Lee Andrews (born 23 April 1984) is an English former professional footballer who played as a defender.

Playing career
Andrews began his career as a trainee with his local side Carlisle United, turning professional in August 2001 and making his league debut later month in a 2–0 defeat at home to Luton Town. He had spell as a regular in the Carlisle side at right-back, before losing his place.

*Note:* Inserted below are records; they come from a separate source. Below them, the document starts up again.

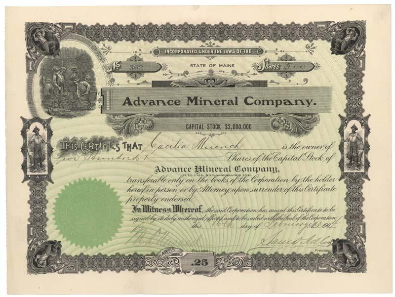 1904, Maine. Stock certificate for 500 shares. Black with green background. Six small vignettes of miners pictured within the border design. A larger vignette at top left of miners at work. Uncancelled and very fine.
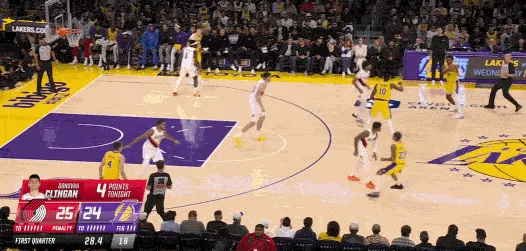 布朗尼負(fù)責(zé)運(yùn)球過(guò)半場(chǎng),組織半場(chǎng)進(jìn)攻,靠自布朗尼將球交給艾頓。上場(chǎng)A水
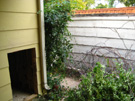 This picture looks in to the patio through the gate, which has now been reinstalled. You can see that the trim is a little different than it used to be, but it looks much better. In the background you can see one of the new windows on that side- the upper one in the master bedroom.
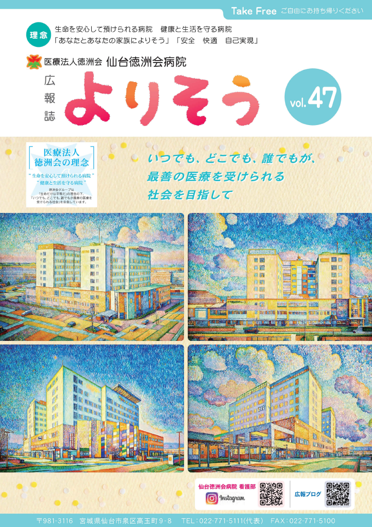 当院では患者さまや地域の方々、ご来院の皆さま向けに毎月広報誌「よりそう」を発行しております。
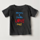 As mamães e o pai amam-me t-shirt, camisetas longas da luva, camisolas, hoodies do pulôver, chapéus, camisas do plissado, vestidos sem mangas, vestidos do plissado, t-shirt do raglan, bodysuits do futebol, bodysuits orgânicos, e o outro roupa para o bebê com texto de vermelho, de azul, e ouro com um coração que leia mamães e pai ama-me!
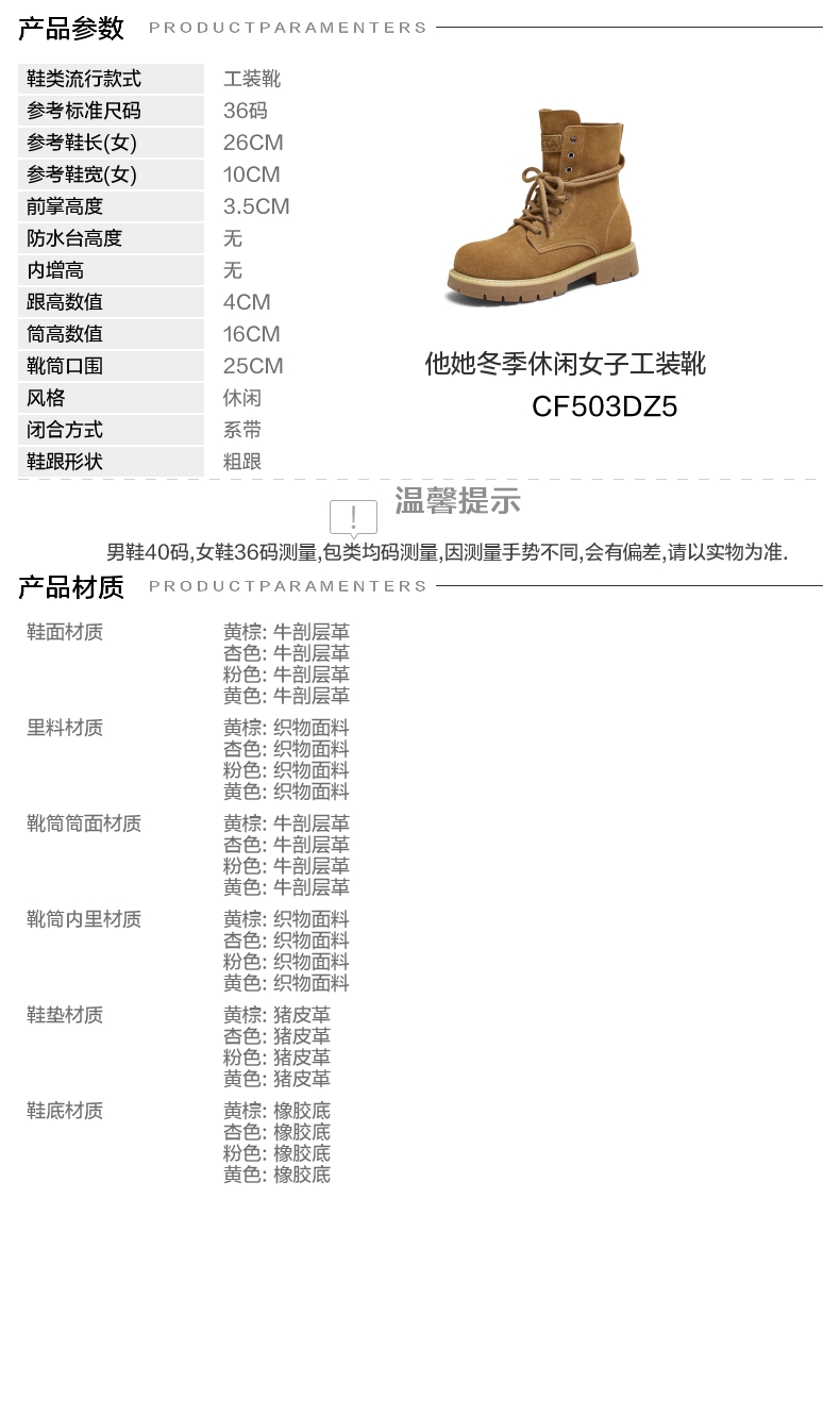 | 配跟:有 | 靴筒口围:25CM | 上市时间:2025年冬季 | 鞋类流行款式:工装靴 | 鞋头款式:圆头 |

He joined Rochdale on loan in February 2003, before returning to Carlisle and regaining his place in the first team, signing a new two-year contract in May 2004. After playing in a Carlisle side relegated to and promoted from the Football Conference, Andrews joined York City on loan in November 2005 and as Carlisle successfully battled for a second successive promotion, moved to Torquay United, struggling at the opposite end of the table on loan in March 2006.

He was released by Carlisle at the end of the 2005–06 season, and returned to Plainmoor on a permanent basis in June 2006 as one of Ian Atkins' first signings after taking over as manager. Atkins had been manager of Carlisle while Andrews was a trainee there. He was an ever-present for Torquay in the 2006–07 season, which ended with Torquay's relegation to the Conference National. Although offered a new contract with Torquay at the end of the season, he chose to return to the North of England.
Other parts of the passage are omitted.